I'm filipina and am in the same exact boat... Just as JoJoBlu has suggested, the most important thing is to love her son and to support him. We can't help that we fell in love with polish guys with mothers who are not receptive towards interracial dating! Be respectful towards his mother and always be open towards her no matter what she might say about you. Remember that she is still his mother! No matter how mean she can be, you must understand that one day she may be your mother-in-law! As long as your relationship between you and your significant other is fine, then don't give up. It's hard. Believe me, I know. But in the end, if you two truly do love each other, it's going to end up being you and him. He isn't going to marry his mother or have children with her. So, keep him happy. Love him. Be everything you can possibly be to him and let time take its course. In the end, if he has no reason to leave you besides the fact that his mother doesn't like you, if you make him happy and he can imagine a future with you, then he'll hopefully make the right decision and choose you! Focus on your man! You have him at the moment. Don't let anything get in your way of making him happiest man alive :-)
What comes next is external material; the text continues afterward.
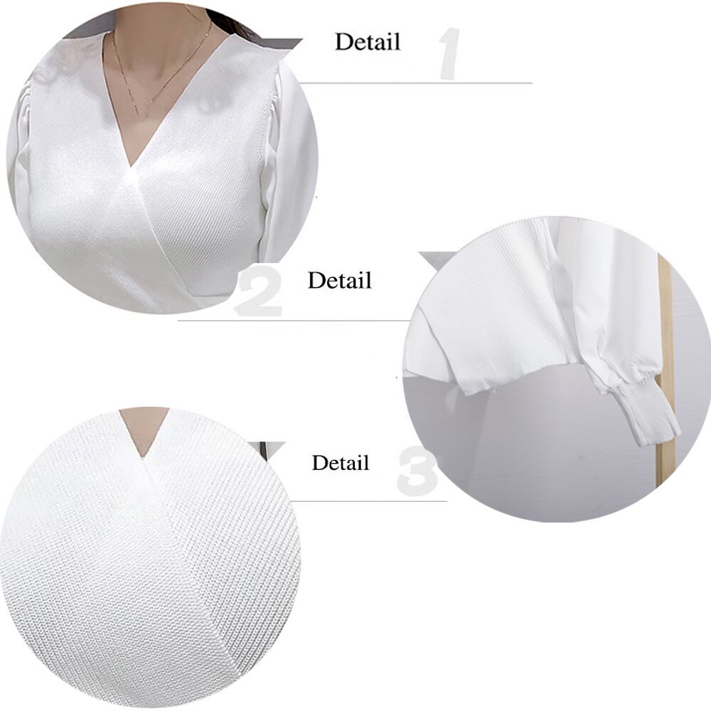 レディース カシュクール ニットセーター パフスリーブ ニットソー Vネック ニットウェア

You should meet your boyfriend's mother every often and then. She will like you if you have good manners, good ways to talk, good presentation skills, good cooking skills etc.
Try to know the things which your boyfriend's mother likes the most and prepare yourself to accomplish those things. Be honest with her and never tell any lie to her.
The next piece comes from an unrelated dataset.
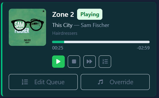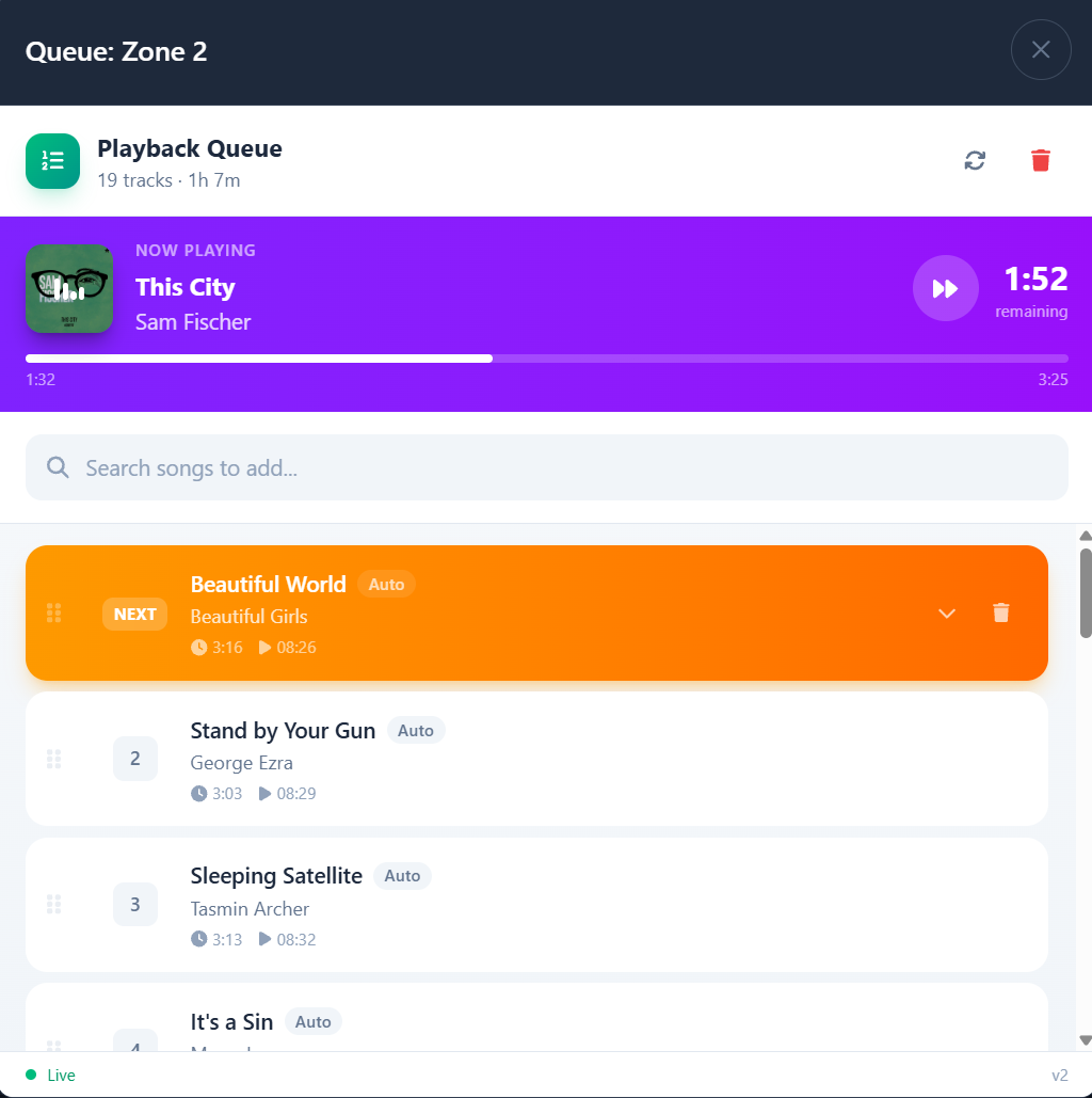 The Background Music System delivers independent audio zones from a single installation. Each zone runs its own playlist schedule, rotation logic, and volume processing. A weekly scheduler lets you assign different playlists to different times of day, with per-zone EBU R128 loudness normalisation ensuring consistent volume regardless of source material. Venue staff can override playlists and manage queues through a web interface with role-based access.

Give her a gift, cook for her, pray for her and give charity on her name. She will definitely start liking you.
Try to know the things which your boyfriend's mother likes the most and prepare yourself to accomplish those things. Be honest with her and never tell any lie to her.
Give her a gift, cook for her, pray for her and give charity on her name. She will definitely start liking you.
Cook things for her and make her eat them with love...when you go at his place do some work for her and help her in the kitchen...and its not that you have to butter her even if you tell your boyfriend to respect his mom, this indirect attitude is seen by God and ull definitely get to it.
I live in a polish family & I got to admit, polish ppl can b such racist bastards. Best thing 2 do I reckon is say you love (or at least pretend 2 love) her polish cooking & food and maybe try to learn some polish. Thats how my sisters boyfriend won her over lol. Seeming you've been going out for a month, I'm sure she'll get time to get used to it. Good luck:)
Talk to her
I am in the same boat, I just married a Polish man and everything was fine with his mother until we got married. Now I feel like nothing I do is ever good enough and I'm afraid this drama will continue indefinitely... Help!